The Young Cosima
- First US edition
- Author: Henry Handel Richardson
- Language: English
- Publisher: Heinemann, London W. W. Norton, New York
- Publication date: 1939
- Media type: Print (hardback & paperback)
- Pages: 340 pp
- Preceded by: Ultima Thule

= The Young Cosima =

1939 novel by Henry Handel Richardson

The Young Cosima (1939) is the last novel by Australian writer Henry Handel Richardson.

==Plot summary==

Set around 1850, the novel follows the composer Richard Wagner as he fights for recognition and details his relationships with Franz Liszt, Hans von Buelow and his wife Cosima von Buelow (who later married Wagner).

==Reviews==

A reviewer in The Argus was very impressed with the book: "Great novelist that she is Henry Handel Richardson has now written an historical romance which should make her name better known among the rank and file of readers Her famous Australian trilogy, The Fortunes of Richard Mahony swept her into the front rank of contemporary writers, but its appeal was not to the majority...The Young Cosima is a capital novel. With its magnificent portraits of nineteenth century personages, its dramatic accounts of the making of mighty music, its subtleties, its humour, and its tragedy, it carries the reader through some of the most stirring periods in the careers of its principals Miss Richardson has taken infinite pains to ensure the fidelity of her portraits"
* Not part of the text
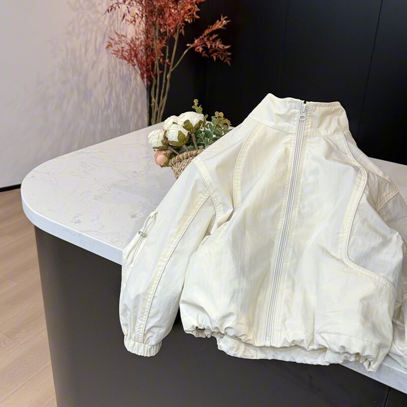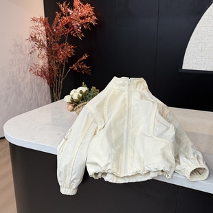 防风衣服 拉链衫 leomama女童杏色外套儿童立领夹克2025春季 新款
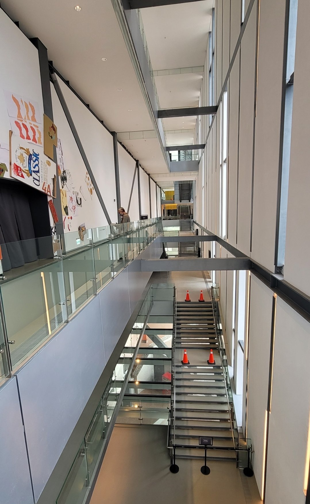 一樓是開放空間及販賣小店,文創商品及咖啡廳等。展覽廳主要是放在地下一樓跟二樓以上的空間。目前剛好是換展期間,只有地下一樓兩個展覽廳,二樓部分及四樓一個展廳有展覽。

In a short review in The Sydney Morning Herald the reviewer points to the craft behind the work: "Gleaning facts from a number of sources, listed at the back of the book, Miss Richardson has built up a vivid and moving romantic novel. The period, circa 1850, so close to our own in time, is far enough removed in outlook and habit of thought to appear remote. This factor, though not stressed, is subtly used in order to present the characters as something more than life size. An unusual and often subtle interpretation of some of the facts lends freshness and emphasis to incidents and situations which have already become more or less historically stereotyped. The dialogue has, except in moments of passion and excitement, that slight stiffness appropriate to the nineteenth century."